Transnet faces huge challenges in fulfilling its role. During the 2003/4 financial year, Transnet suffered a R6,3 billion loss. Its operating profit fell to R187 million from R5,1 billion the previous year. Cash flow and capital reserves were down. Turnover increased by only 5,7% to R43,6 billion. Transnet carried a debt of R27, 8 billion. Its gearing ratio was 83%, when 55 to 60% is a more reasonable benchmark.

Transnet attributed its weak financial position to "inadequate corporate governance, lapses in financial discipline and risk management which resulted in poor operating performances and substantial financial impairments in many businesses within the Group. Inefficiencies, low margins, investment backlogs, aged assets and infrastructure as well as the maintenance costs of under-utilised rail networks and port infrastructure are undermining operational returns".

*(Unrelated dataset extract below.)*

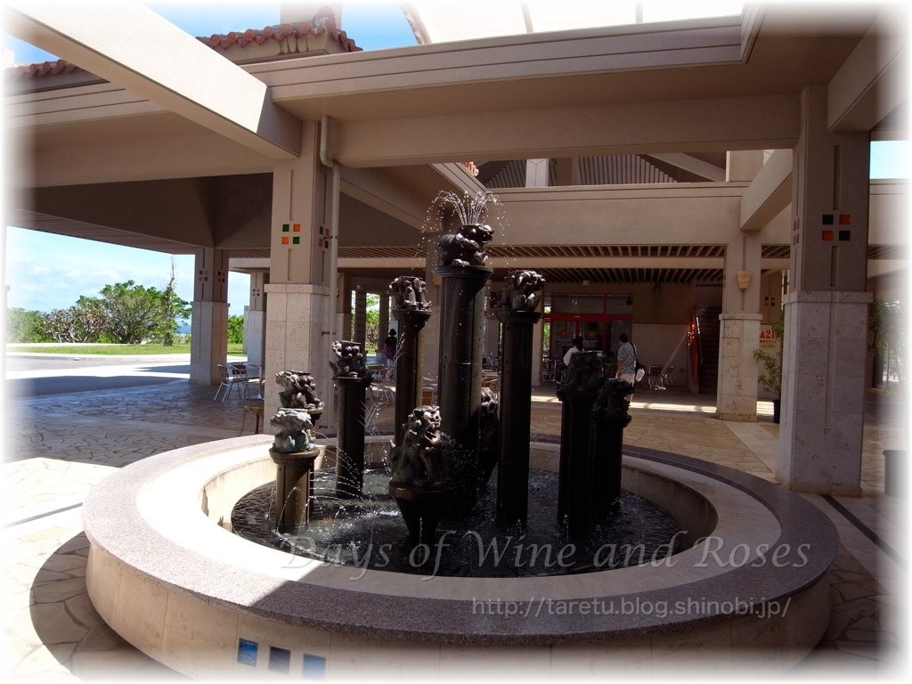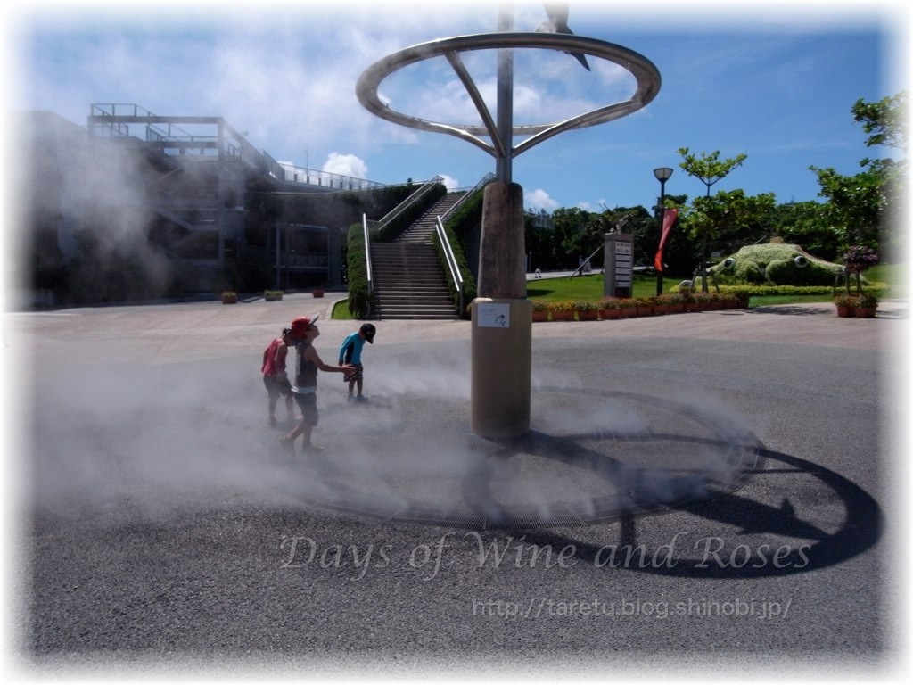 これは、美ら海水族館のすぐそばにあったミスト噴水。入り口からたった5、6分くらいなのですが、強い日光に焼けたコンクリートの道にヘトヘト。ミストが爽やかな風を運んでくれるのが救い。子供たちといっしょにミストの下で騒ぎたい。大人はうらやましげに見てるだけ。

A key explanation for Transnet’s financial position is SAA’s R15 billion net loss over the past two years. These losses stem largely from hedging activities undertaken by SAA as well as a significant downturn in the global aviation sector post-11 September and the outbreak of SARS. There also had to be a large adjustment in the valuation of SAA’s aircraft due to a drop in market value of aircraft in view of exchange rate differentiations and the poor airline business environment. The hedge book was closed off on 30 June 2004. SAA’s current net exposure is $100 million. SAA was technically insolvent at year end and requires further capitalisation of R4 billion with a further R1,5 billion credit line of credit from its parent company to enable SAA to continue operations over the current next year.

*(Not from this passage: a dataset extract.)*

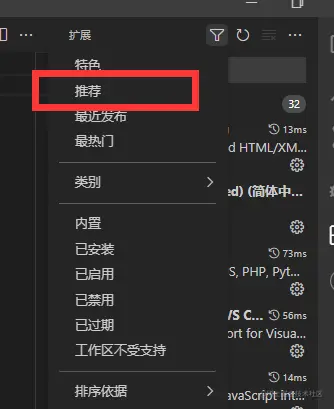当打开项目时,就会显示推荐插件

Transnet’s losses also have to be explained in terms of the new accounting standards in terms of which it has to report, particularly AC128 and AC133, which deal with asset impairments and fair value adjustments and the valuation of embedded derivatives related to customer service contracts.

Post-retirement liabilities continue to plague the financial position of Transnet with the unfounded obligation at year end valued at R7,6 billion.

Spoornet experienced a loss of R668 million in 2003-4, as against a profit of R400 million in the previous year. This was mainly due to changes of commodity prices in respect of the iron-ore contract and high operating costs and increases in maintenance costs, an ageing workforce and loss of valuable skills also made their mark.

The NPA increased profits before tax by 31% to R2,1 billion. SAPO posted a profit before tax of R348 million as against a reported loss of R86 million the previous year. Petronet increased profits before tax by 99% to R239 million.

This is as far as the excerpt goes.